What is needed = Look below for the line containing "Bolivia ordena el" and the line containing "Pulseira prata e", then set down both and every line between them exactly, without pictures.

Data in this exercise =
- - -
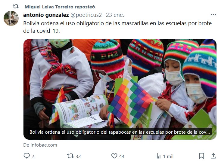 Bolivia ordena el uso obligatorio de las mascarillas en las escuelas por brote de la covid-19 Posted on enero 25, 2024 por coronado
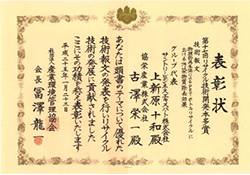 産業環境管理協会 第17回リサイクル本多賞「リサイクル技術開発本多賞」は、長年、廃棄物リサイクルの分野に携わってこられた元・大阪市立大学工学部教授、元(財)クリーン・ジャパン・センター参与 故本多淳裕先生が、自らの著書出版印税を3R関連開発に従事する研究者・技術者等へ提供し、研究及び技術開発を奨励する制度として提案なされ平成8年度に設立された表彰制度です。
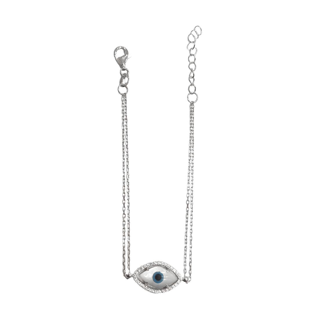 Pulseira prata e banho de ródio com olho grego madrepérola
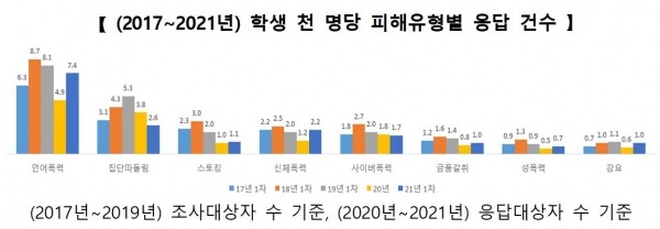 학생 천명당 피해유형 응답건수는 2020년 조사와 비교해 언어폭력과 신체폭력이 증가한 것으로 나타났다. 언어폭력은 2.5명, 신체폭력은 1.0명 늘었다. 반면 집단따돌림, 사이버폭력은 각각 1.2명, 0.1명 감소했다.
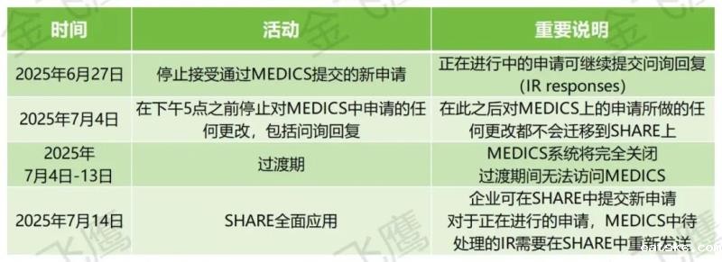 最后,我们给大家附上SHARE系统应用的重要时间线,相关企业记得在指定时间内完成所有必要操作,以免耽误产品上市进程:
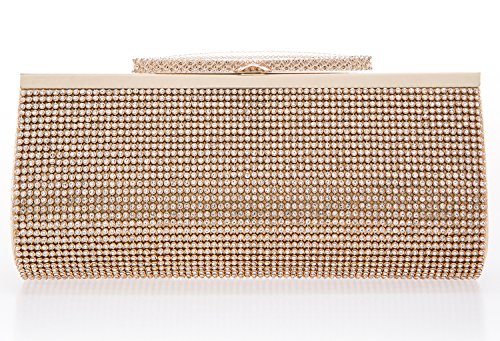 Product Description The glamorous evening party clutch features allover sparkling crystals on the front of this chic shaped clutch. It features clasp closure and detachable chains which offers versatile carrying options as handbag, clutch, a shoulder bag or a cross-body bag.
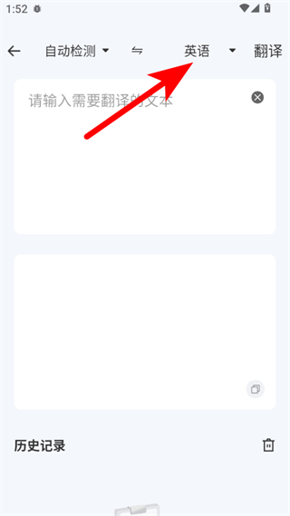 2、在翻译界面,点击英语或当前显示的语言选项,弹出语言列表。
- - -
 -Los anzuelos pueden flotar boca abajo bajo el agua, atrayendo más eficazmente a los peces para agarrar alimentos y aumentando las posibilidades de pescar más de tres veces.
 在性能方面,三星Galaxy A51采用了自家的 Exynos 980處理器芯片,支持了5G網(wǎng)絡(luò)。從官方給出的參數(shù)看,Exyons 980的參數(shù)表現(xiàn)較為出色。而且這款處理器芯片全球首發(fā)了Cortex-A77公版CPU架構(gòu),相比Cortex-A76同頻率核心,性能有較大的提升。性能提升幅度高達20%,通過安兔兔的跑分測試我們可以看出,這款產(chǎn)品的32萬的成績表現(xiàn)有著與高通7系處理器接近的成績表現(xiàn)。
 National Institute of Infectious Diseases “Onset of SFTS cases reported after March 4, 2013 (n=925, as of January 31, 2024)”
- - -
Exercise output =
 Bolivia ordena el uso obligatorio de las mascarillas en las escuelas por brote de la covid-19 Posted on enero 25, 2024 por coronado
 産業環境管理協会 第17回リサイクル本多賞「リサイクル技術開発本多賞」は、長年、廃棄物リサイクルの分野に携わってこられた元・大阪市立大学工学部教授、元(財)クリーン・ジャパン・センター参与 故本多淳裕先生が、自らの著書出版印税を3R関連開発に従事する研究者・技術者等へ提供し、研究及び技術開発を奨励する制度として提案なされ平成8年度に設立された表彰制度です。
 Pulseira prata e banho de ródio com olho grego madrepérola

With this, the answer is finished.